French surrealist Quentin Dupieux is not only one of the most prolific directors on the festival circuit (a new title almost every year, without fail), but one of the most consistent too. What started with his 2010 breakout – beautifully bonkers killer tyre movie Rubber – has since blown into an entire oeuvre of bizarro deadpan comedy, built on fascinating hooks, and satisfyingly short run times. And while his latest, a semi-satirical swipe at superhero culture, is very much more of the same (baffling jokes told in just over an hour), it’s also arguably Dupieux’s loudest and most openly entertaining in some time.

Hot on the heels of last summer’s somewhat understated Incredible But True (robotic-penis subplot aside), Smoking Causes Coughing wastes no time at all doling out the silliness, opening on a rubber-suited super team blowing a giant tortoise-man into bloody chunks, with their combined tobacco powers. But it’s not all victory dances and celebratory high-fives for the Tobacco Force five. The Chief (a womanising rat with a saliva problem, played by a garish children’s puppet from the 1970s) thinks they’re becoming too individualistic, dispatching the heroes on a team-building vacation to focus their strength, before taking on a world-threatening lizard man (who, it works out, is decidedly more man, than lizard) .

Smoking Causes Coughing 2What follows is an existential live-action cartoon; a New Wave Power Rangers, complete with educational nods (“smoking’s not cool, kids”), and an aged-up cast struggling to fathom their own humanity, in amongst all the planet stopping mayhem. It goes without saying that if any of that seems even remotely funny to you, Smoking Causes Coughing will be a blast.

Even when the film follows an unwieldy off-shoot, dropping in a handful of unrelated shorts masquerading as campfire stories (one delivered by a sizzling barracuda), there’s plenty of laughs to be had in the deliberate randomness of it all, as well as the bolted-on material itself.

With the full feature running at just over 70 minutes (with credits) these sections do feel a little like Dupieux padding for time. His ideas often begin, much like this one, with a terrific hook, that fades mid-way through their second act. And while Smoking Causes Coughing doesn’t have an awful lot for its characters to say or do, it does manage to bring things full circle in a way that’s both impactful and, naturally, unexpected.

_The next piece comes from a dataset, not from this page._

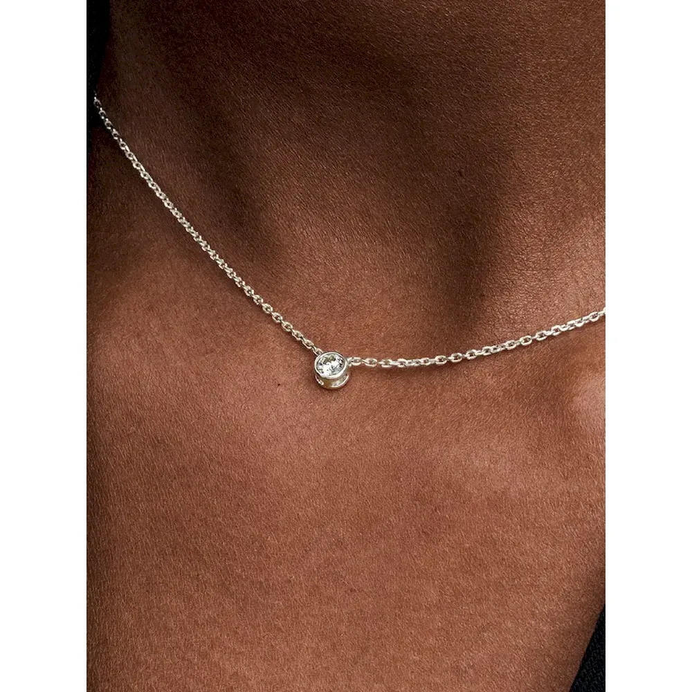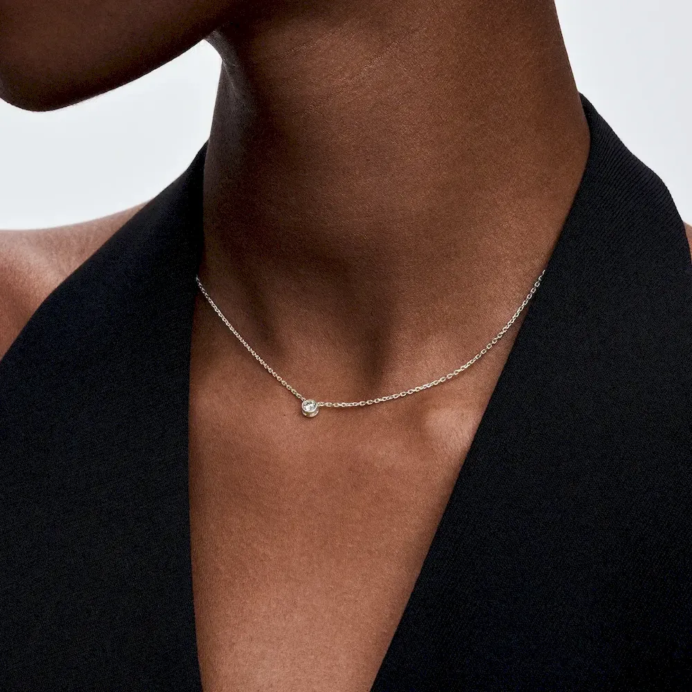Meet your new essential necklace: the Pandora Era Bezel Sterling Silver Lab-grown Diamond Pendant Necklace. This sterling silver pendant necklace features a 0.15 carat lab-grown diamond in a bezel setting with a sleek, contemporary aesthetic. Cut-outs on the back and sides of the bezel setting let in the light for ultimate sparkle. The pendant moves freely along a diamond-cut cable chain, adjustable to two lengths. A classic that brilliantly rises above time, it’s the perfect elevated staple for your everyday looks. Each Pandora Lab-grown diamond is treated with a post-growth color enhancement called annealing.

Smoking Causes Coughing 2It’s certainly still angled more towards left-field laughs, over any sense of traditional plotting or character arcs. But the final image alone – carrying through to a tiny after-credits coda – is as sharp and funny as anything that came before it. A full stop on a meaty punchline, over simply just fading out a well-worn joke.

It might never exactly get under the skin (or even the suits) of its brilliantly wacky super-team set-up, but Smoking Causes Coughing is as persistently absurd and silly as one would expect from a talent like Dupieux, and continues to mark him as one of the most exciting and dependable surrealists around.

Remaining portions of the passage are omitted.